Opened 8 years ago

Closed 7 years ago

Last modified 7 years ago

#10740 closed Bugs (invalid)

Multi-level containers do not cooperate with address tracking

Reported by: Simon Etter <ettersi@…> Owned by: Robert Ramey
Milestone: To Be Determined Component: serialization
Version: Boost 1.56.0 Severity: Problem
Keywords: Address tracking, STL containers Cc:

Description

Serializing nested sequence containers does not track the object addresses correctly. See the attached example.

Non-sequence containers may also be subject to this bug, I did not check them.

The problem is the push_back in collections_load_imp.hpp:65. If t is itself a container, all elements of t get copied, but their address is not updated in the archive. In C++11, using emplace() and std::move() should solve the problem (did not test this).

Attachments (4)

bug.cpp (1.8 KB ) - added by Simon Etter <ettersi@…> 8 years ago.
Minimal example
bug.2.cpp (2.5 KB ) - added by Simon Etter <ettersi@…> 8 years ago.
bug.cpp with more comments
test_z.cpp (1.5 KB ) - added by Robert Ramey 8 years ago.
altered version of bug.cpp
vector.hpp (1.3 KB ) - added by Simon Etter <ettersi@…> 8 years ago.
Partial fix.

Download all attachments as: .zip

Change History (21)

by Simon Etter <ettersi@…>, 8 years ago

Attachment: bug.cpp added

Minimal example

comment:1 by Robert Ramey, 8 years ago

Resolution: invalid
Status: newclosed

I looked at your example and I think it's wrong. I think that you've assumed incorrectly that the lower level container will be reloaded to the original address. There is no reason to believe this. I've modified you program to check the contents of the lower level container and verify that they have been restored correctly

If you're not convinced, feel free to look into this and make another small example

by Simon Etter <ettersi@…>, 8 years ago

Attachment: bug.2.cpp added

bug.cpp with more comments

comment:2 by Simon Etter <ettersi@…>, 8 years ago

I am not convinced, but I most admit my initial bug report did not point out the problem very clearly. I apologize for that.

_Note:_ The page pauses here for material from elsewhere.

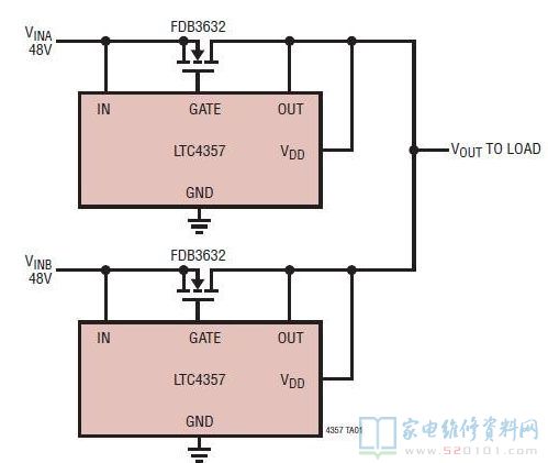 通过采用一个N沟道MOSFET替代一个功率肖特基二极管来降低功耗

I uploaded a new version of the minimal non-working example which I commented more extensively. I hope this makes it clear where I see the problem.

I am aware that stored and reloaded objects may be located at different memory addresses. To my understanding, Boost.Serialization wishes to maintain the invariant that if a pointer pointed to an object before the serialization/deserialization process, it also does so afterwards. My example shows a setting where this is not the case.

comment:3 by Robert Ramey, 8 years ago

"To my understanding, Boost.Serialization wishes to maintain the invariant that if a pointer pointed to an object before the serialization/deserialization process, it also does so afterwards."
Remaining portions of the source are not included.